Navarro is going into emergency medicine. “I love being the ‘front doors’ of the hospital,” he said. “Any patient who presents is welcome and important. For me, emergency medicine is a stellar mix of pathology, procedures and fast-paced thinking.”
Bartholomew will go into pediatrics. “Kids are so resilient and fun,” she said. “I enjoy taking care of children and working with, and providing education for, their families. Pediatricians can provide a great support system for families, whether the kids are sick or healthy.
Both Bartholomew and Navarro, who grew up in Chandler and Yuma, respectively, hold bachelor’s degrees from the UA. Hers is in physiology, his in agricultural economics.
Of the 117 students, 54, or 46 percent, are going into primary care: internal medicine (23), pediatrics (21) and family medicine (10). Twenty-nine percent of UA medical students chose primary care residencies in 2013.
In addition, 49 of the 117 will be staying in Arizona – a predictor that they will stay here when they finish their residencies.
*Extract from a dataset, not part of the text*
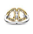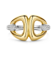 Design spojuje kontrast žlutého zlata a lesklého stříbra, přičemž trojúhelníkový motiv dodává prstenu charakter. Výrazný tvar vpředu plynule přechází do úzké obroučky pro komfortní nošení - stylový doplněk, který zaujme při každodenním i večerním outfitu.

College of Medicine Orman Scholarship Fund
This year’s Match Day included a poignant tribute to Zach Orman, a member of the Class of 2014 who died last year in a hang-gliding accident. Traditionally, each student places $1 in a bowl when they get their Match Day envelope, and the money is given to the last student called to the stage. This year, the money will go to the College of Medicine’s Orman Scholarship Fund.
Photo: Jolomi Iyoha, in Match Day skit attire, celebrates with her sisters. From Left: Danielle, Isohe, Jolomi, Esosa and matched-out niece Naomi.